Ma quando il ciclismo diventa il tuo stile, non è più solamente sport. Il ciclismo, e ritorniamo alle subculture, è vita reale: 24 ore su 24, 7 giorni su 7. Così anche ogni spostamento in città viene fatto su due ruote: la bici preferita in questo caso è una gravel, «in maniera da poter saltare su e giù dai marciapiedi senza problema, proprio come con lo skate». La scelta della scarpa da mtb con la quale camminare e da portare durante un aperitivo con gli amici è poi quel dettaglio che funge da segno di riconoscimento: ti guardo e ho già capito tutto di te. È esattamente un po’ come quando vedi un metallaro, che è metallaro sempre. O uno con l’Harley Davidson, che è harleysta sempre.Due ore in bici, le sue due ore, e poi di nuovo in officina e di nuovo quel tepore unico. Vedere le mani impegnate con mozzi e cerchi di ogni tipo ti trasportata in un’epoca lontana dove, con lavoro manuale e concentrazione, ogni creazione era un’opera d’arte.
«Sono movimenti che ti portano fuori dal tempo, quasi come se l’orologio non esistesse più e la vita si prendesse un po’ di pausa da te. I problemi se ne vanno, non esiste ieri e non esiste domani, ma non esistono nemmeno cinque minuti prima e cinque minuti dopo».
L’essenza dell’artigianalità che, spesso, dimentichiamo derivare proprio da arte.
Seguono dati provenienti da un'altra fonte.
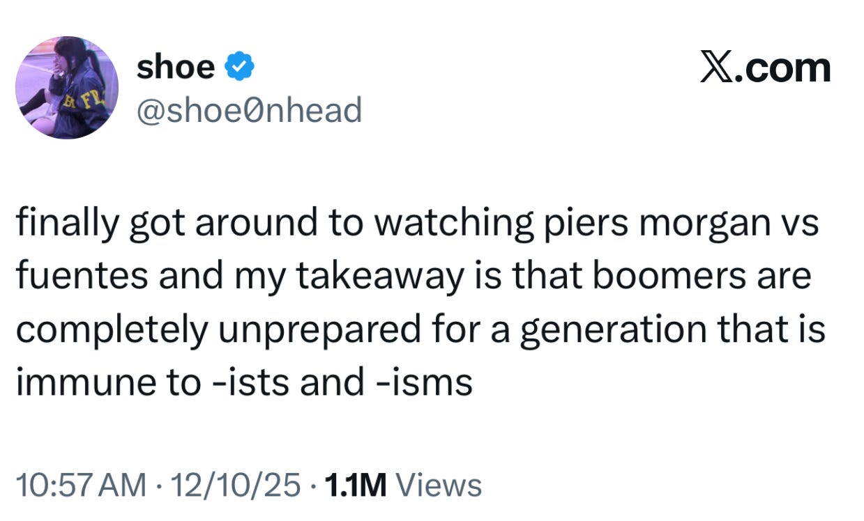 Regardless of what you think of Nick Fuentes or Piers Morgan, their viral interview symbolized the irrevocable moral divide between Gen Z and Boomers.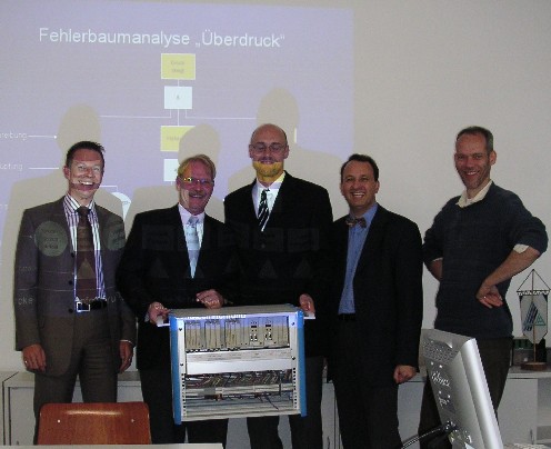 Projekt: Anlagensicherheit mit Mitteln der Prozessleittechnik nach den IEC-Normen Das Projekt entstand in einer ersten Diplomarbeit von Herrn Dipl.-Ing. Fecke mit freundlicher Unterstützung der Herren Richter (Yokogawa) sowie Pross und Hafner (HIMA) im Institut für Automatisierungstechnik an der Fachhochschule Köln. Die beteiligten im Projekt (von links nach rechts): Dipl.-Ing. H. Pross; HIMA, H. Richter, Yokogawa; Dipl.-Ing. Ch. Fecke; Prof. Große; Prof. Bold Herr Fecke erhielt den diesjährigen Förderpreis des VDI Köln aus den Händen des Vorsitzendern, Herrn Dipl.-Ing. Firsbach, wozu das Institut herzlich gratuliert: Ziel dieses Projekts ist es, die wesentlichen Inhalte der Anlagensicherheit vorzustellen, die für einen PLT-Ingenieur bei der Planung und Errichtung von Schutzeinrichtungen einer Prozessanlage von grundlegender Bedeutung sind. Der Schwerpunkt liegt bei der Anwendung der DIN EN 61511 Teil 1-3 an einer Beispielanlage aus der Prozessindustrie. Weitere Relevanz haben die Störfallverordnung, die Verordnung über brennbare Flüssigkeiten, die Bundesimmissionsschutzverordnung, sowie das Wasserhaushaltsgesetz (WHG) im Bezug auf Überfüllsicherungen und die wesentlichen Inhalte der Explosionsschutzrichtlinie ATEX 100a. Diese Kenntnisse sind für den PLT-Sicherheitsingenieur bei der Auswahl von geeigneten Komponenten für Schutzeinrichtungen von besonderer Bedeutung. Zur Berechnung der Sicherheitsintegritätslevel (SIL) bzw. der Ausfallwahrscheinlichkeit der Schutzeinrichtungen wird das Tool „SILence“ verwendet. Die einzelnen Funktionen der Schutzeinrichtungen werden auf einer sicherheitsgerichteten Steuerung der Firma HIMA realisiert. Die zugehörige Programmierung wird mit dem Tool „ELOP“ vorgenommen. Die Werkzeuge und die Steuerung wurden dankenswerterweise von der Firma HIMA zur Verfügung gestellt. Die Norm DIN EN 61511 Teil 1-3 findet erst seit Februar 2004 Anwendung in der Prozessindustrie in Deutschland. Viele Unternehmen haben bei der Umsetzung große Schwierigkeiten und bevorzugen noch immer die alte Betrachtungsweise nach der auslaufenden Norm DIN V 19250 (Grundlegende Sicherheitsbetrachtungen für MSR-Schutzeinrichtungen). Zurzeit gibt es zu dem Inhalt der Norm noch sehr wenig Literatur auf den Markt. Die qualitative Methode des Risikographen zur Bestimmung der Sicherheitsintegritätslevel von Schutzeinrichtungen wird allerdings schon häufiger angewendet, da sie bereits in der DIN V 19250 in ähnlicher Art und Weise (Anforderungsklassen) angewendet wurde. Die quantitative Methode (Fehlerbaumanalyse / Ereignisablaufanalyse) ist jedoch bei ihrer Anwendung sehr aufwändig und verlangt deshalb dem PLT-Sicherheitsingenieur viel Fachwissen ab. Daher wird sie sich vermutlich nur sehr schwer und langsam in der Prozessindustrie durchsetzen. Die Berechnung der Sicherheitsintegritätslevel von Schutzeinrichtungen ist in der Regel mit den Bestimmungsgleichungen der DIN EN 61508 Teil 1-7 durchzuführen. Als Sonderfall gibt es allerdings die diversitäre Redundanz bei der Anordnung von Sicherheitseinrichtungen, für den die gängigen Bestimmungsgleichungen der Norm DIN EN 61511 neu hergeleitet werden müssen. In dem Berechnungstool „SILence“ der Firma HIMA ist dieser Sonderfall bereits implementiert. In absehbarer Zukunft werden die Berechnungstools immer leistungsstärker und können somit immer mehr Problemstellungen lösen. Leider gibt es zum gegenwärtigen Zeitpunkt noch zu wenig Hersteller, die ihre Komponenten nach SIL zertifizieren lassen und die Ausfalldaten der Komponenten für Berechnungstools zur Verfügung stellen. Zum gegenwärtigen Zeitpunkt setzen noch zu wenige Unternehmen und Ingenieurbüros im Bereich der Anlagensicherheit die Sicherheitsnorm DIN EN 61511 um. Daher besteht für sie noch viel Nachholbedarf bei der Schulung ihrer Sicherheitsingenieure, damit es bei der Anwendung der Sicherheitsnorm bei der Erstellung von Produktionsanlagen bis zum August dieses Jahres keine Schwierigkeiten mehr gibt. |

Fortunatamente è anche business, guadagno, un modo per portare a casa la pagnotta insomma. Sono tanti i brand che si rivolgono a Frasen Works, tra cui Mavic e Enve di cui è l’assemblatore ufficiale per progetti ad hoc. Poi c’è tutto il su misura, il tailor made come si dice adesso. Funziona così: lo chiami, gli spieghi quali sono le tue necessità, quando e come vorrai utilizzare le ruote, e lui te le fa recapitare nel giro di 6/7 giorni. «50% di acconto e 50% alla consegna, a meno che tu sia un mio amico. In quel caso 100% di acconto. Perché rischiare di perdere un cliente è un conto, ma rischiare di perdere un amico non lo voglio nemmeno prendere in considerazione».

Alessi

Una vera opera di design deve far muovere le persone, trasmettere emozioni, riportare alla mente ricordi, sorprendere, andare controcorrente…
Alberto Alessi.

Facciamo un gioco, un gioco semplice a dire il vero. Che cosa accomuna una delle più storiche e floride aziende italiane e Dotout? Ce lo siamo fatto spiegare da Riccardo Borgialli, atleta di spicco della nazionale italiana di trail running e Marketing Specialist di Alessi. Come? Durante le sue due ore, semplice!
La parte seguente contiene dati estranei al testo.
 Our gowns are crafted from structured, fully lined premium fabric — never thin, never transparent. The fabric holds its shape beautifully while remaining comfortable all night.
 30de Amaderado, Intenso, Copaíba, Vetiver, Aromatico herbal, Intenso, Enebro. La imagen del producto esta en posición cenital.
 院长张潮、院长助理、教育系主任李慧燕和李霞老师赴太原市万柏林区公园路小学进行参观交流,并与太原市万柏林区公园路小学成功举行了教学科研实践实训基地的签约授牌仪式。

Fa strano immaginarsi un atleta del genere dietro ad una scrivania. Fa strano che una persona così possa avere altri interessi o essere professionale in altri mondi. A nessuno verrebbe da pensare che un famoso batterista possa anche essere in gamba con le scartoffie burocratiche di un qualunque ufficio. Oppure che un altrettanto noto calciatore possa occuparsi pure di diritto civile, giusto per fare un altro esempio. Alla stesa maniera, quando abbiamo conosciuto Riccardo anni fa, lo vedevamo solo con le sue scarpette da trail ai piedi, tutto infangato e col sorriso di chi, nonostante la smorfia da fatica, stava facendo ciò che il suo talento gli imponeva.
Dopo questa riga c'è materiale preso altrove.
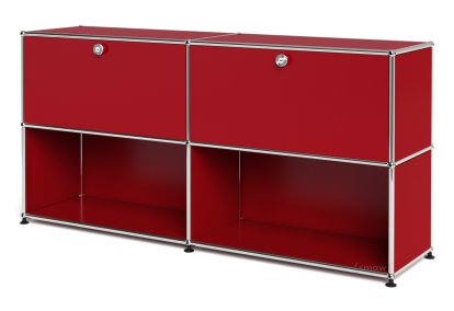 Meuble de rangement Sideboard L USM Haller, personnalisable, Rouge rubis USM, Avec 2 portes abattantes, Ouvert

Eppure, e qua sta il bello, il talento certe volte ha diverse facce e capita così che uno dei più brillanti atleti di trail running a livello mondiale, sia anche responsabile marketing di Alessi, una delle grandissime eccellenze italiane. E, a sentire cosa si vocifera nei corridoi, gli venga anche molto bene.

«Tutto è design. Basta muovere qualche passo tra i corridoi dell’azienda, per avere ben chiaro questo concetto. Troppo spesso si da per scontato ciò che ci capita tra le mani. Usiamo una caffettiera e pensiamo sia solo una caffettiera. Spremiamo un’arancia e pensiamo sia solo uno spremiagrumi. Stappiamo una bottiglia e crediamo sia solo un cavatappi. Cavolo, non è così!»
La lezione è chiara. Contestualizzando gli oggetti e vedendoli nelle nostre case, spesso si fa questo errore. Sono prodotti che usiamo da anni e c’è la tendenza a darli per scontati. Ma vedendoli tutti insieme, in esposizione, uno di fianco all’altro, è chiaro ciò che Riccardo vuole intendere.

Volti, mani, idee: questo è ciò che si cela dietro ad ogni storia di successo. Alessi non fa eccezione.
«Siamo circa 300 dipendenti e, buona parte di noi, pratica sport. Lascia stare il mio atteggiamento che, per forza di cose, mi porta ad essere molto professionale anche nell’attività sportiva. Ma qua in pausa pranzo c’è più gente negli spogliatoi che con la forchetta in mano! Abbiamo un campo da tennis, che si tramuta anche in un campo da calcetto. Ci son stati anche dei tornei davvero all’ultimo sangue, delle sfide tra chi si occupa di produzione e chi di lavori più concettuali, chiamiamoli così, che ancora ci ricordiamo con piacere dopo anni. Poi c’è chi va a correre e chi va in bici. Io, personalmente, alterno. Ovviamente la priorità la do alla corsa, ma le due ruote sono fondamentali per me. Un po’ per staccare dal mio allenamento principale, un po’ perché la bici è un’attività che fa decisamente bene alle mie gambe e alla mia forma fisica in generale».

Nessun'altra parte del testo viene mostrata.